● **EXERCISE PROMPT**
Lines before the one containing "Wir bieten Ihnen" are not wanted; restate the rest below word for word, through the last line, but drop any pictures.

● **COLLECTED MATERIAL**
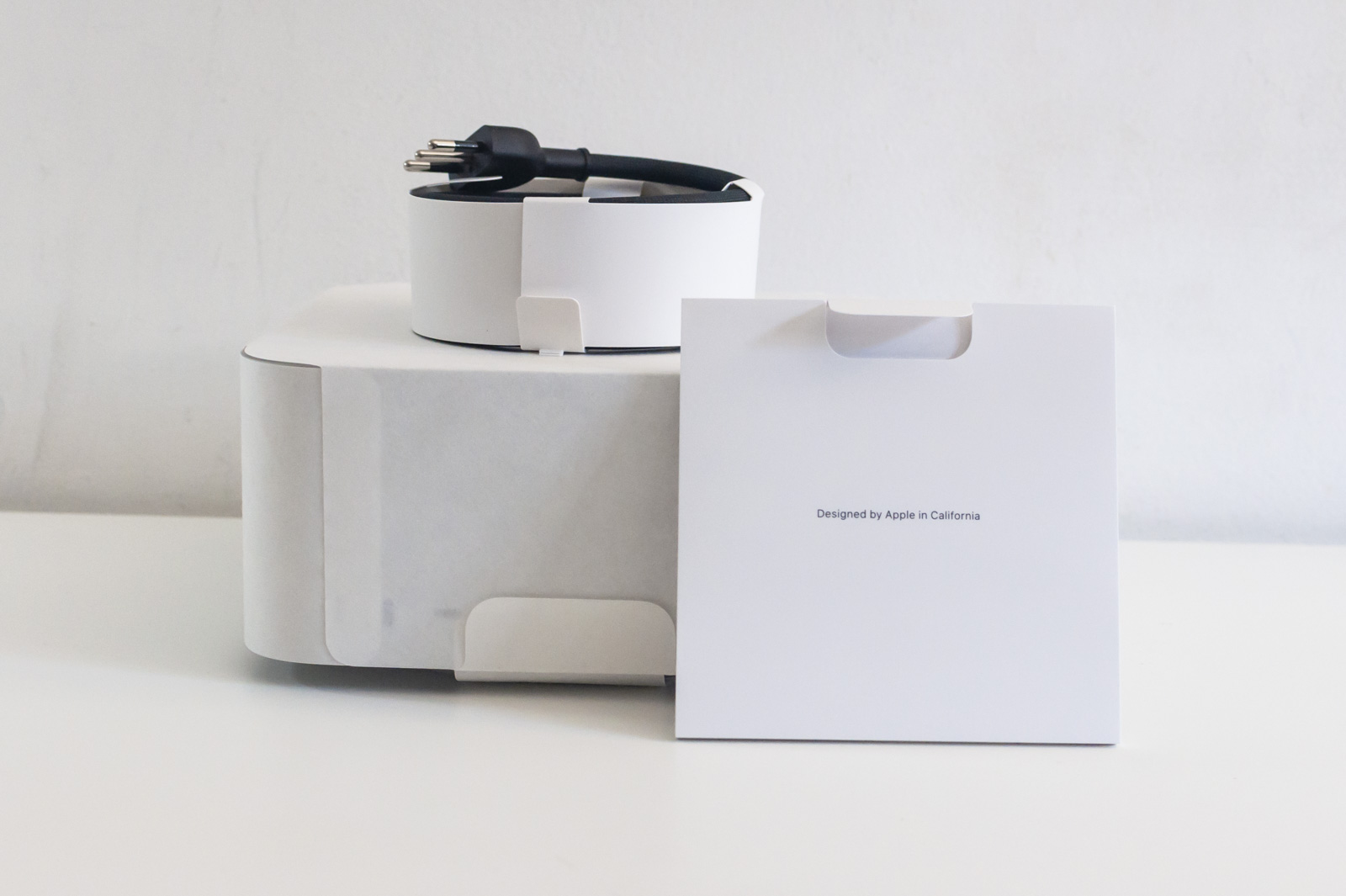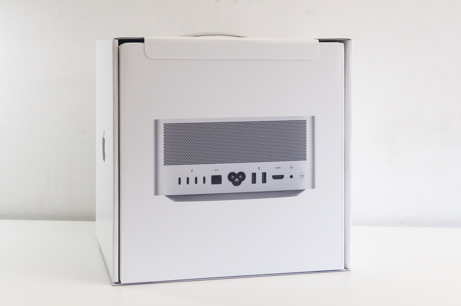 La confezione dei nuovi Mac Studio è davvero un capolavoro di marketing e di ingegneria, Apple non si discosta dalle proprie abitudini per quanto riguarda il packaging e propone una scatola comoda, bella e che diventa anche una ottimale culla per chi deve trasportare il Mac Studio.
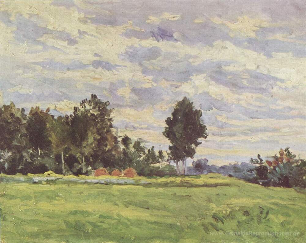 Wir bieten Ihnen eine handgefertigte Reproduktion auf Leinwand des berühmten Kunstwerks 'Landschaft in der Ile de France' von Paul Cezanne, aus dem Reproduktionsmuseum.
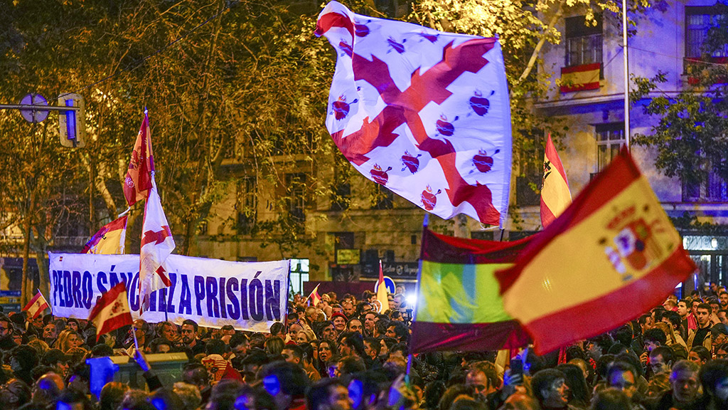 La concentración, en la que participaron unas 2.000 personas según la Delegación del Gobierno, transcurrió de forma tensa casi desde el principio y en medio de un dispositivo de seguridad mayor que el de jornadas precedentes coincidiendo con la celebración del pleno de investidura de Pedro Sánchez.

● **TASK RESPONSE**
 Wir bieten Ihnen eine handgefertigte Reproduktion auf Leinwand des berühmten Kunstwerks 'Landschaft in der Ile de France' von Paul Cezanne, aus dem Reproduktionsmuseum.
 La concentración, en la que participaron unas 2.000 personas según la Delegación del Gobierno, transcurrió de forma tensa casi desde el principio y en medio de un dispositivo de seguridad mayor que el de jornadas precedentes coincidiendo con la celebración del pleno de investidura de Pedro Sánchez.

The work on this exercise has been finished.